Calculate LOO-PIT values using as test quantity the square of the difference between each observation and mu.

julia> using Statistics

julia> mu = idata.posterior.mu;

julia> T = y .- median(mu);

julia> T_pred = y_pred .- mu;

julia> loo_pit(T .^ 2, T_pred .^ 2, log_weights)
┌ 8-element DimArray{Float64, 1} ┐
├────────────────────────────────┴─────────────────────────────── dims ┐
  ↓ school Categorical{String} ["Choate", …, "Mt. Hermon"] Unordered
└──────────────────────────────────────────────────────────────────────┘
 "Choate"            0.868148
 "Deerfield"         0.27421
 "Phillips Andover"  0.321719
 "Phillips Exeter"   0.193169
 "Hotchkiss"         0.370422
 "Lawrenceville"     0.195601
 "St. Paul's"        0.817408
 "Mt. Hermon"        0.326795

References

[7] Gabry et al. J. R. Stat. Soc. Ser. A Stat. Soc. 182 (2019).

source

PosteriorStats.r2_score — Function

r2_score(y_true::AbstractVector, y_pred::AbstractArray; kwargs...) -> (; r2, <ci_fun>)

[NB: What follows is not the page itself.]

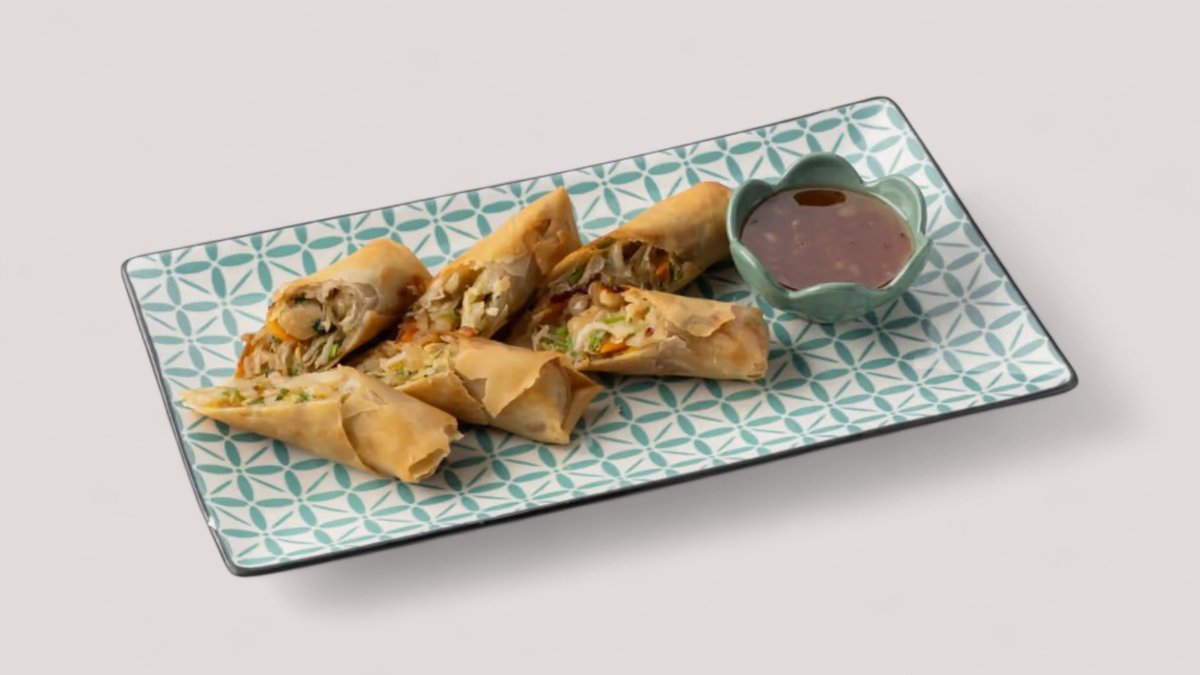 Хрустящие рулеты из тонкого теста с стеклянной лапшой, проросшими бобами, с кисло-сладким соусом

$R²$ for linear Bayesian regression models.[8]

The $R²$, or coefficient of determination, is defined as the proportion of variance in the data that is explained by the model. For each draw, it is computed as the variance of the predicted values divided by the variance of the predicted values plus the variance of the residuals.

The distribution of the $R²$ scores can then be summarized using a point estimate and a credible interval (CI).

Arguments

y_true: Observed data of length noutputs
y_pred: Predicted data with size (ndraws[, nchains], noutputs)

Keywords

summary::Bool=true: Whether to return a summary or an array of $R²$ scores. The summary is a named tuple with the point estimate :r2 and the credible interval :<ci_fun>.
point_estimate=Statistics.mean: The function used to compute the point estimate of the $R²$ scores if summary is true. Supported options are:
- Statistics.mean (default)
- Statistics.median
- StatsBase.mode
ci_fun=eti: The function used to compute the credible interval if summary is true. Supported options are eti and hdi.
ci_prob=0.89: The probability mass to be contained in the credible interval.

Examples

julia> using ArviZExampleData

julia> idata = load_example_data("anes");

julia> y_true = idata.observed_data.vote;

julia> y_pred = PermutedDimsArray(idata.posterior_predictive.vote, (:draw, :chain, :__obs__));

julia> r2_score(y_true, y_pred)
(r2 = 0.4944850210319484, eti = 0.46184359652436546 .. 0.528018251711097)

References

[8] Gelman et al, The Am. Stat., 73(3) (2019)

source

Utilities

PosteriorStats.kde_reflected — Function

kde_reflected(data::AbstractVector{<:Real}; bounds=extrema(data), kwargs...)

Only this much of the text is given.